When My Body Forced Me to Listen
There was a time when my body felt like a stranger. My first pulmonary embolism in 1996, an appendectomy the next year, and a Crohn’s disease diagnosis in 1998. Crohn’s, chronic pain, panic, anxiety—they lived in my body, and I acted like I couldn’t feel them, denying every ache, every warning.
I was busy all the time. Volunteering at school, leading kids’ extracurricular activities, juggling everything I thought mattered. I avoided, ignored, denied, dissociated. Rest wasn’t optional—it was something I never gave myself.

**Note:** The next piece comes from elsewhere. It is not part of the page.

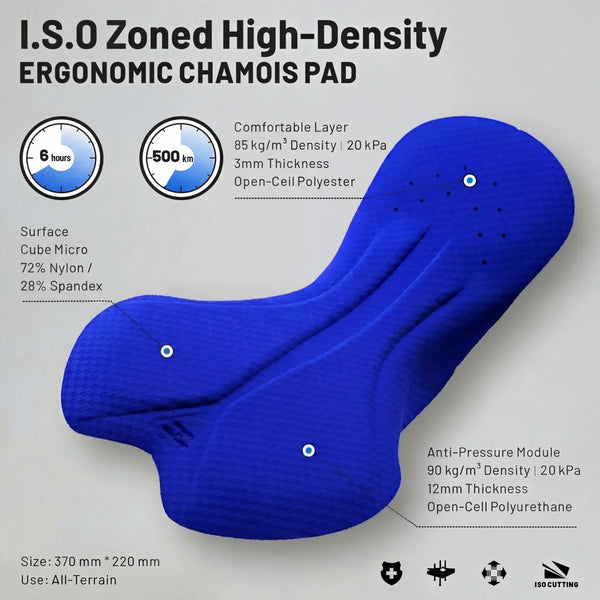 The I.S.O chamois is zoned with 12 mm padding at the sit-bone zone for support and 10 mm at the perineal zone to help reduce pressure. It’s positioned for long-duration, high-intensity riding and is rated up to 6 hours / 500 km (comfort may vary by saddle, fit, and riding posture).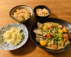 息子と二人の晩ごはん 夫ががゴルフ&飲み会でいない日の、息子と二人の晩ごはん。 献立はアクアパッツァ、ポテトサラダ、人参と塩昆布の炊き込みごはんです。 息子の夏休みの宿題で料理を作るというものがあったので、一緒に家にある・・・

Then, in February 2017, my body forced me to listen, for real. Another massive bilateral pulmonary embolism hit me hard. Not long after, a 30cm growth formerly knows as my right ovary burst, which led to an emergency total hysterectomy and omentectomy—through an already weakened incision from small bowel resection in 2006. I was literally smacked down.

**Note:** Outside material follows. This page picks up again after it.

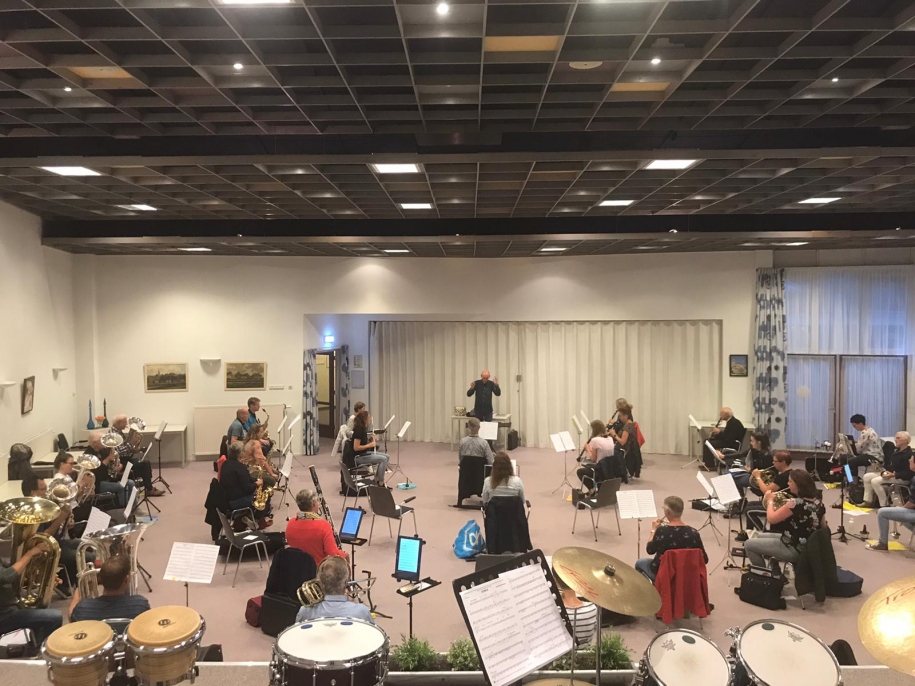 Voor het eerst sinds maart dit jaar heeft het harmonieorkest weer compleet gerepeteerd.

Suddenly, all the “busy” and “keep going” strategies meant nothing. My body wasn’t asking anymore—it was insisting. Every movement, every breath, every thought had to take my health into account. For the first time, I couldn’t deny, avoid, or dissociate.
From that point, I began talking with a trauma therapist. Game-changing. I was diagnosed with PTSD, and for the first time, I understood that my body’s reactions weren’t just “me being weak” or “overreacting”—they were real, valid, and part of my healing journey.
Therapy opened the door to yoga, meditation, self-compassion, and eventually all things somatic. Movement became a language, not a punishment. Breath became a tool, not a threat. Awareness became a pathway, not a judgment.
If you’re living with chronic illness, pain, or overwhelm, know this: sometimes your body has to force you to stop. And when it does, it’s not punishment—it’s an invitation to reconnect, however slowly, however gently.
Here’s a tiny way to start:
Bilateral Butterfly Tap
Place the tips of your fingers lightly on the tops of both shoulders, crossing your arms in front. Left hand to right shoulder, right hand to left shoulder.
Begin to gently tap your shoulders alternately, left then right, like butterfly wings flapping softly.
Tap at a rhythm that feels natural—slow, playful, and comfortable.
After a few rounds, release the tapping and relax your arms. Take a slow, deep breath. Notice how your body feels.
Tiny, simple, playful. And yet, that tiny moment of attention is a start. It’s how healing begins.
Your body has been talking. Sometimes it has to shout. Will you listen?